Михаил Анатольевич, письмо это от незнакомой вам Ларисы Бойченко. Я квартирую у вашей бабушки Прасковьи Анисимовны. Это она дала мне адрес и попросила написать вам. Бабушка передает низкий поклон и просит приехать к ней в гости. Вот ее слова – я их записала: «Мишуха, внучок мой родненький, и ты далече от меня, як и твой батько Толик. Бабуся твоя шлет тебе поклон и просьбу: ежели сможешь, то беспременно приезжай до меня, может, последний разок погляжу на тебя да порадуюсь. И еще прошу: напиши своему батьке в Конго, шоб непременно приехал с матерью попрощаться, а то, гляди, помру ненароком и мы с ним так и не побачимся».

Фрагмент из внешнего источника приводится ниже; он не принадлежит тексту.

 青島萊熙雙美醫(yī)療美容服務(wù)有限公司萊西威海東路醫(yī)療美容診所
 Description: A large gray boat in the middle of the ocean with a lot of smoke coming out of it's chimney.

От себя скажу правду: после того как Прасковья Анисимовна еще в прошлом году полежала в больнице, ей малость полегчало. Вернулась она хоть и не веселая, а сообразительная. А сейчас опять стало ей плохо, разговаривает так, что и понять ничего невозможно. Говорит, говорит, а смысла никакого нет. Своих хуторян и даже родственников перестала узнавать. Как-то пришли проведать ее все три сына – Анисим Иванович, Антон Иванович и Алексей Иванович. Поздоровались с матерью, сели на лавку, а она смотрит на них и машет перед глазами рукой. Потом спрашивает:

– Хто вы такие, мужики?

– Маманя, мы же ваши сыны, – за всех ответил Анисим Иванович. – Поглядите, это я, Анисим, старший, а это братень мой Антон, а это братень Алексей. Вот пришли все вместе проведать и узнать, как вы тут поживаете, может, чем надо подсобить.

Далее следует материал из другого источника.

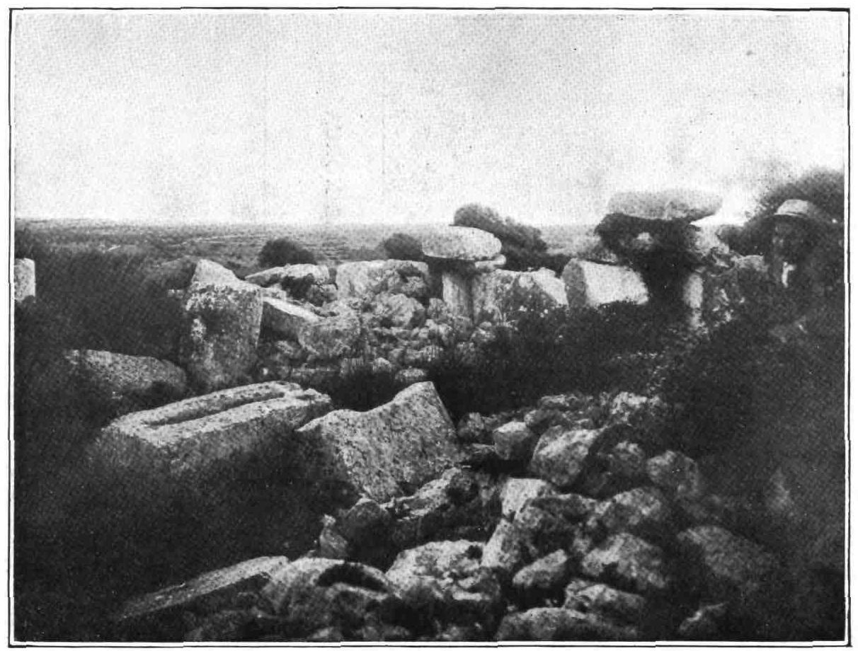 Stones must always have been a plague to the{104} people of the island, and this, besides accounting for their selection of the sling as their peculiar weapon, may partially explain, as Ford reasonably remarks, the abundance of these monuments. “The erection of a large tumulus was not a piece of barbaric extravagance. It provided an unperishable monument for the person it was intended to honour (?) and it got rid of an immense mass of loose stone which greatly impeded agriculture.”

– Не-е, вы не мои сыны, – отвечает бабушка и машет руками. – У меня сыночки не такие старые.

– Маманя, да вы приглядитесь, это же мы…

– Ежели вы мои сыны, то где же ваш братуха Толик? Куда вы его задевали? Чего он с вами не пришел?

Братья только переглянулись, тяжело повздыхали, посидели еще немного и ушли.

Однажды поздно вечером я вернулась с работы. Прасковья Анисимовна еще не спала. Смотрела телевизор – она смотрит телевизор только потому, что хочет увидеть в нем черных людей Конго, а среди них и своего сына Анатолия. Сперва она обрадовалась моему приходу, обняла, потом вдруг заплакала, запричитала:

– Ой, Оленька, внученька моя, як же я давно тебя поджидаю.

Я ей отвечаю:

– Бабушка, я не Оленька. Я Лариса, ваша квартирантка.

– Э, нет! Не обманывай меня, Оленька, не хитри, нехорошо так, бо я бачу, шо ты моя внучка. И чего это твой батько, а мой сынок Толик так долго до меня не приезжает?

Все же узнала меня и после этого легла на кровать и долго тихонько плакала.

Недавно ее снова увезли в больницу. Никак не хотела уезжать. Что ей ни говорили, а она свое:

– Мне надо быть дома, скоро сынок Толик приедет. Как же так можно – он придет, а меня не будет дома?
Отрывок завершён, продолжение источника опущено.